Our ozone wash-down systems are currently in use in numerous seafood food processing applications such as retail fish markets, wholesale seafood plants and commercial fishing boat fleets. Water is pumped through the Ozone wash-down system and mixed with Ozone. Ozonated water is then sprayed as a disinfectant directly onto the cleaning surface or product upon demand, destroying pathogens and bacteria which cause spoilage, giving greater shelf life, saving money, and reducing liability by destroying deadly bacteria.
Ozone dissolved in water oxidizes pathogens for superior disinfection. Ozone destroys dangerous pathogens like salmonella, listeria. E.-coli, and shigella resulting in food that is safer to consume. Ozone also reduces bacteria that cause product shrink, actually increasing the amount of product you ship.

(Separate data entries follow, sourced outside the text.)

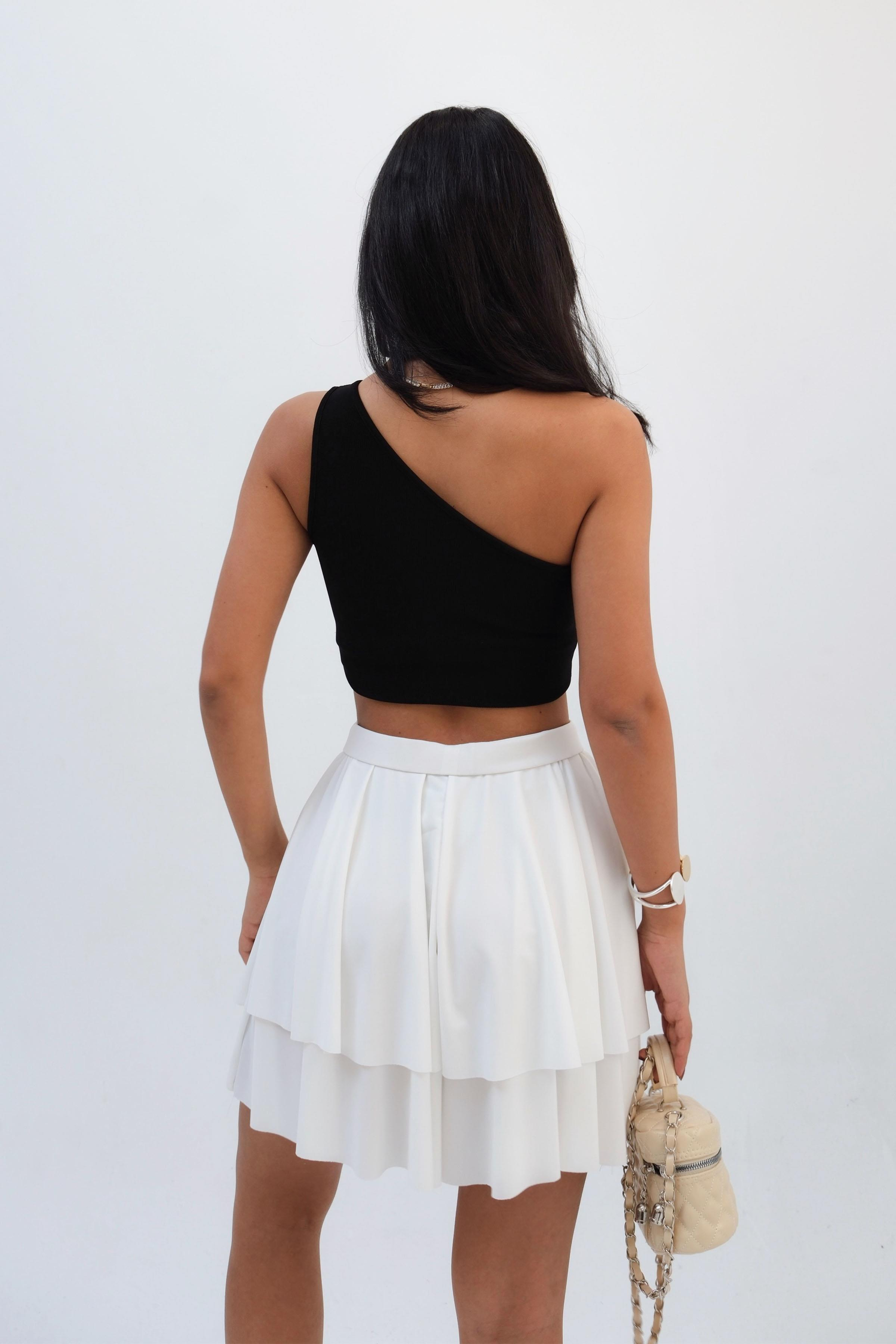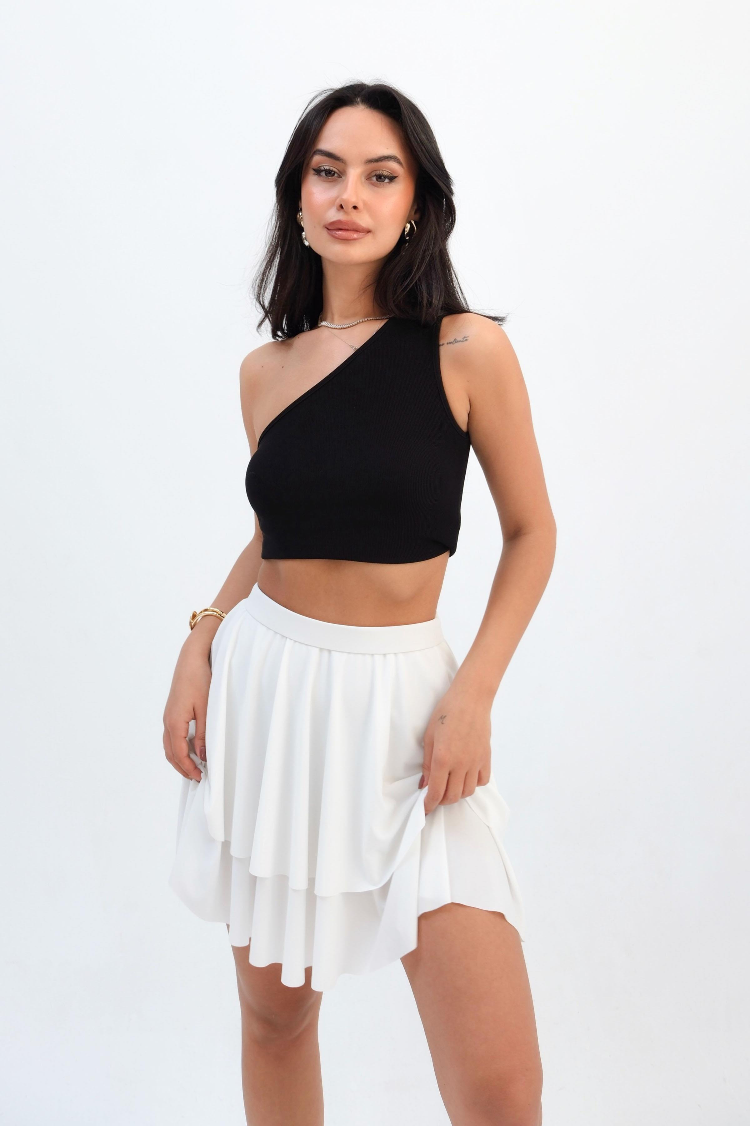Gardırobunuzun kurtarıcı parçalarından biri olacak bu model, hem spor ayakkabılarla kombinlenebilecek şirin bir günlük kısa etek, hem de topuklularla tamamlandığında zarif bir fırfırlı etek görünümü sunar.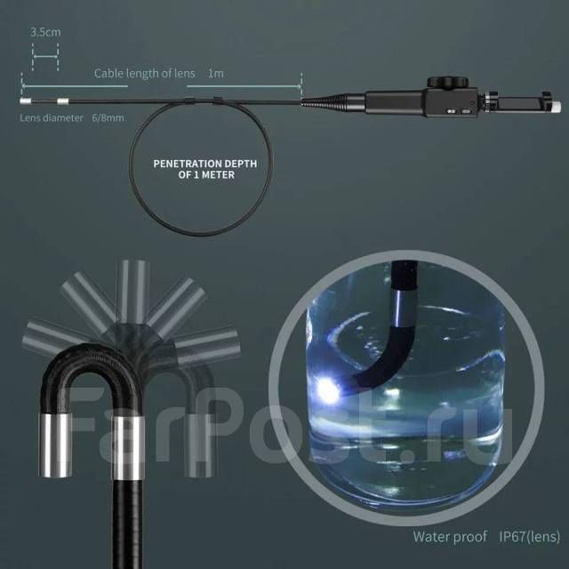 Кабель и камера эндоскопа защищены от влаги по стандарту IP67, и могут работать в воде и горюче-смазочных материалах. Благодаря диаметру камеры 6.2мм можно с легкостью проникнуть в узкие щели и отверстия. А гибкий, однако жесткий кабель, позволит протолкнуть камеру в труднодоступные места, повторив нужную форму зафиксировать ее, выполнить поворот.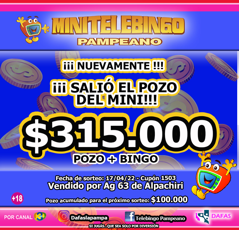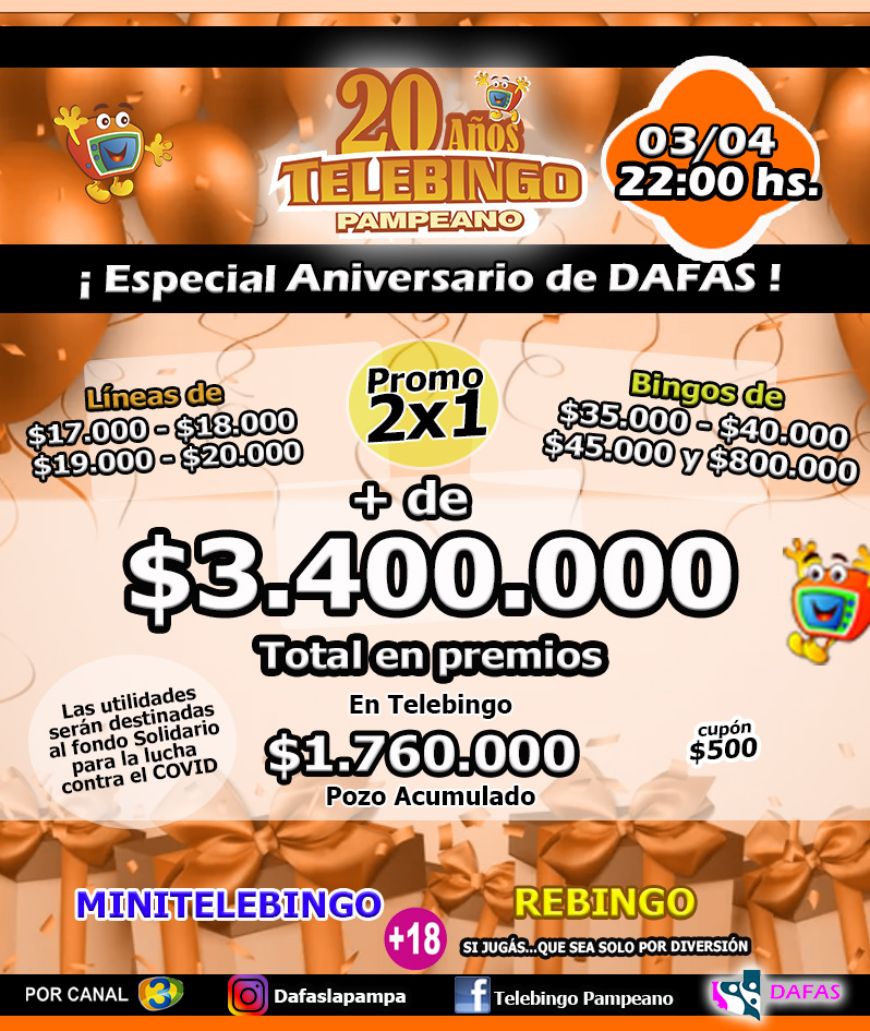 Share List Telebingo Pampeano -uno de los juegos que comercializa la Dirección de Ayuda Financiera para la Acción Social (DAFAS)- realizará el próximo domingo 3 de abril a las 22 horas un sorteo especial por el 37° aniversario de la institución, que será televisado en vivo por Canal 3, Facebook,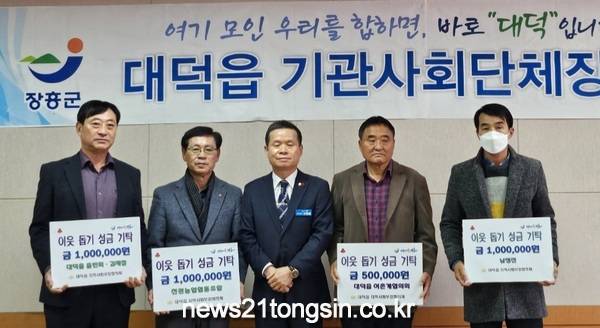 장흥군 대덕읍지역사회보장협의체읍장 이영철과 공동위원장 김영택이 추진하는 기부릴레이 운동에 11일 대덕읍 기관사회단체와 대표가 따뜻한 마음을 전달하였다.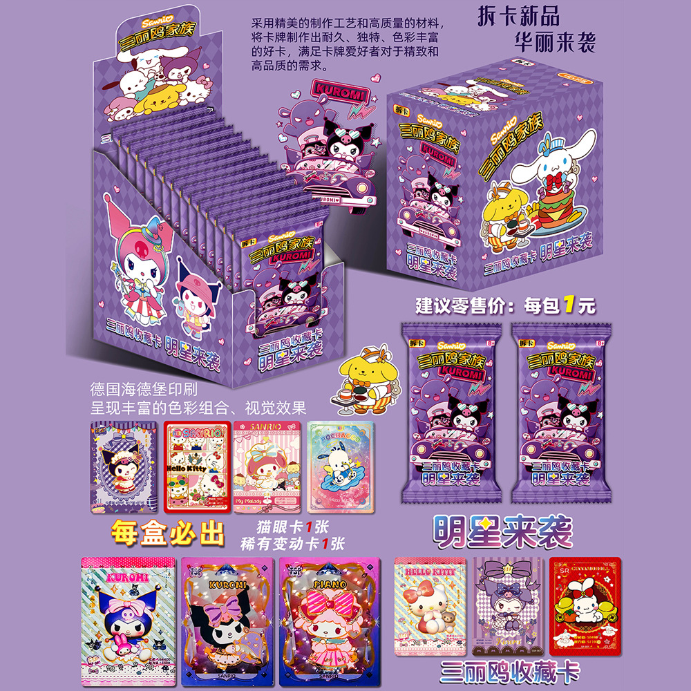 | nameOriginal | 30 in and out card Sanrio card collection card kulomika bag melody square card blind box children's toys around |

Fresh and frozen fish can be washed and thawed with ozonated water prior to processing, refrigeration, storage, or packaging. The use of ozone will remove all the offensive odors common to seafood. It should be noted that the USDA has certified the use of ozone on products labeled "organic" with no labeling requirements in regard to treated product.
This report from scientists at the North Carolina State University Seafood Laboratory relates the general effectiveness of Ozone in increasing the shelf-life and decreasing the spoilage of seafood products. They also observed that the positive qualities of appearance and aroma of the fish were not altered by application of Ozone.
This report focuses on Ozone Applications for Commercial Catfish Processing and contrasts the benefits of Ozone with the dangers from the use of chlorine. Most impressively, these researchers reported filets washed with Ozonated water had a useful shelf-life of 14 days.